====== Given records

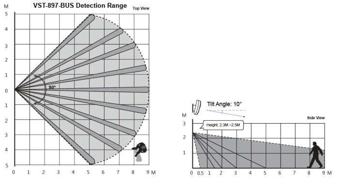 VST-897-BUS er et passivt infrarødt (PIR) bevægelsessensorkamera. Det er i stand til at sende kablede signaler og optagede billeder (billedkvalitet op til 1280 x 720 pixels) over BUS til kontrolpanelet ved bevægelsesdetektion.
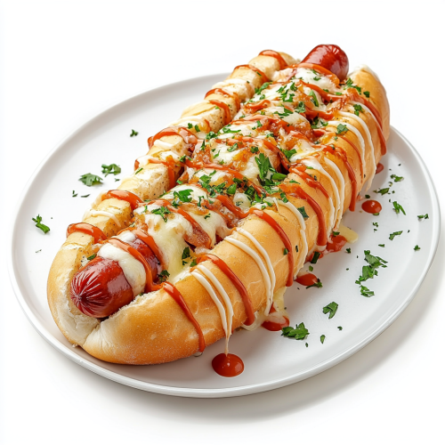 need 8k image of Jumbo Hotdog-bread filled with mozzarella cheese and full jumbo hotdog, Bigger and tastier chicken flavour in white ceramic plate with garnish in high resolution image 100% without any cuts at all 4 sides.
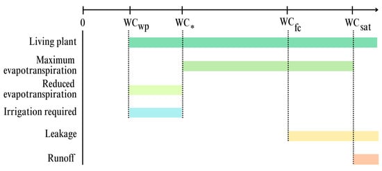 Ranges of possible water content (WC) values for different processes. Note that the light-blue bar of irrigation requirements shows the case of irrigation up to the critical level ().
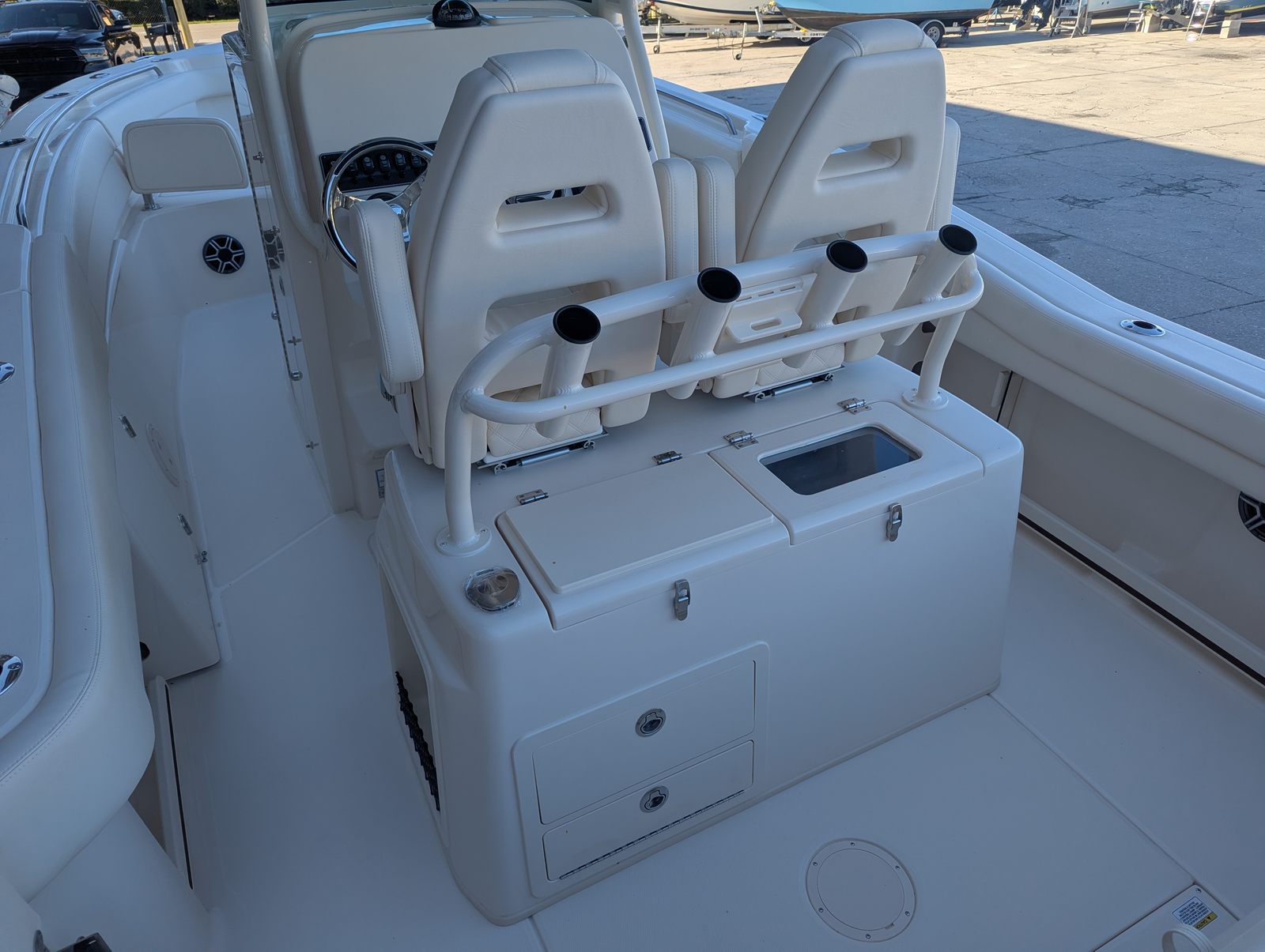 At the heart of the Canyon 271 are dual CW Yamaha F300 IDES engines, providing a combined 600 horsepower for exhilarating speed and responsive handling. These twin engines are renowned for their reliability, fuel efficiency, and smooth operation, making every journey on the water a pleasure. The power and agility of the Canyon 271 allow you to reach your favorite fishing spots quickly, navigate coastal waters with confidence, and enjoy thrilling rides with friends and family. Whether you’re cruising at a leisurely pace or opening up the throttles for a burst of speed, the performance of this Grady-White boat for sale is sure to impress.
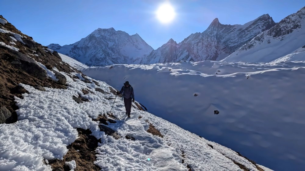 - 🥾 Microspikes: Sind vor allem im Herbst sinnvoll, der Guide kann das schon vor dem Trek einschätzen. Microspikes bekommst du preiswert in Kathmandu/Pokhara (5-10 Euro).
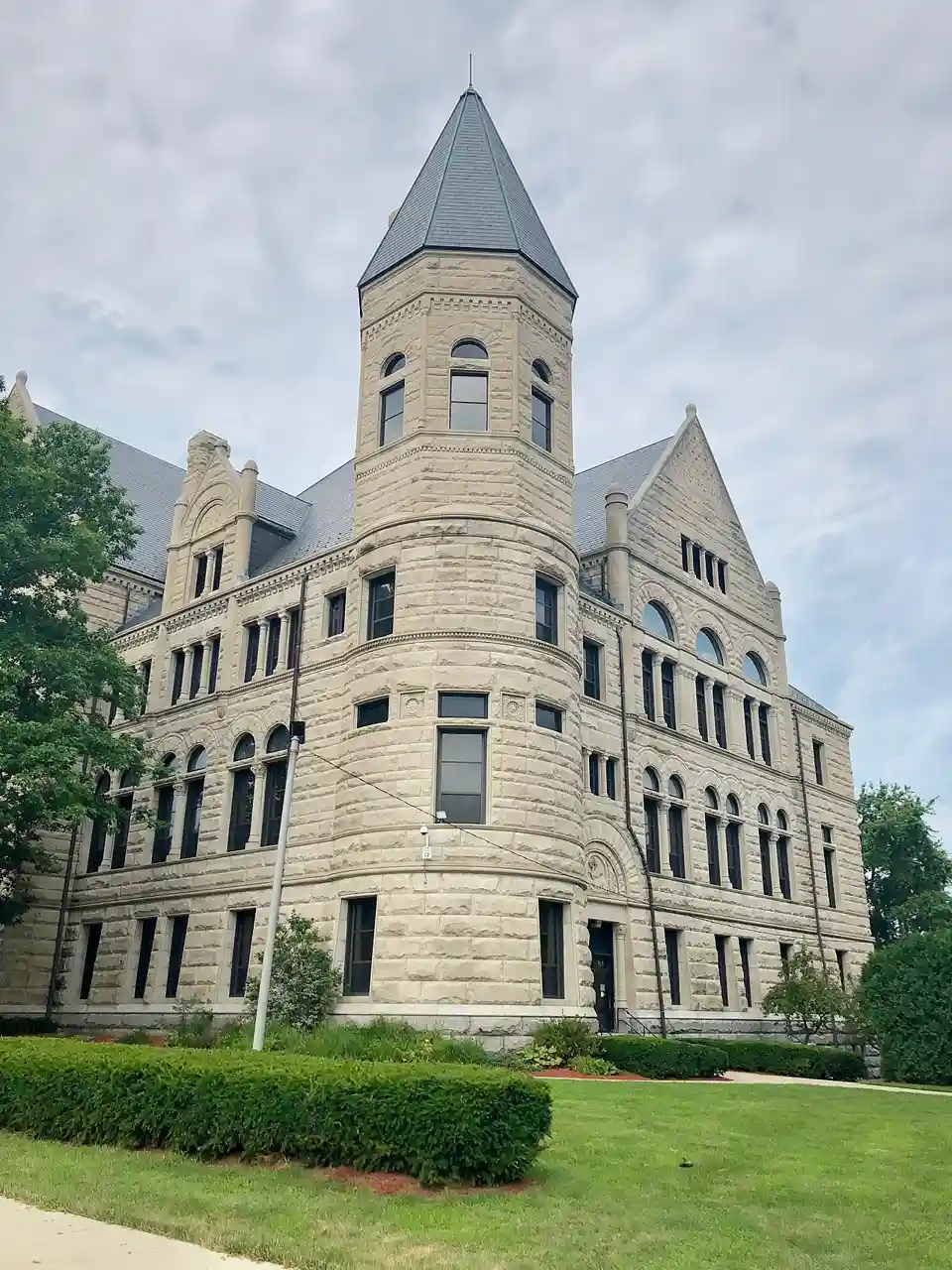 The Wayne County Courthouse is a historic courthouse located in Richmond, Wayne County, Indiana. It was built during the period 1890–93, and is in the Richardsonian Romanesque style. The building was designed by Cincinnati, Ohio, architect James W. McLaughlin and the construction was supervised by New Castle, Indiana, architect William S. Kaufman. The U-shaped building measures approximately 214 feet by 128 feet, and is constructed of brick faced with Indiana Limestone. It features a projecting entrance pavilion, high pitched hipped and gable roofs, large semicircular arches, and octagonal corner tower. Note: This includes and Accompanying photographs Architectural historians Michael Tomlan and Mary Raddant-Tomlan have suggested that the Wayne County Courthouse was influenced both in terms of exterior design and elements of interior layout by Henry Hobson Richardson's Allegheny County Courthouse in Pittsburgh, Pennsylvania. Read more on Wikipedia

============

#### [Problem details]
What belongs in the answer is each line above from the line with "need 8k image" to the line with "Ranges of possible", inclusive, reproduced exactly and free of pictures.

#### [Solution for this exercise]
 need 8k image of Jumbo Hotdog-bread filled with mozzarella cheese and full jumbo hotdog, Bigger and tastier chicken flavour in white ceramic plate with garnish in high resolution image 100% without any cuts at all 4 sides.
 Ranges of possible water content (WC) values for different processes. Note that the light-blue bar of irrigation requirements shows the case of irrigation up to the critical level ().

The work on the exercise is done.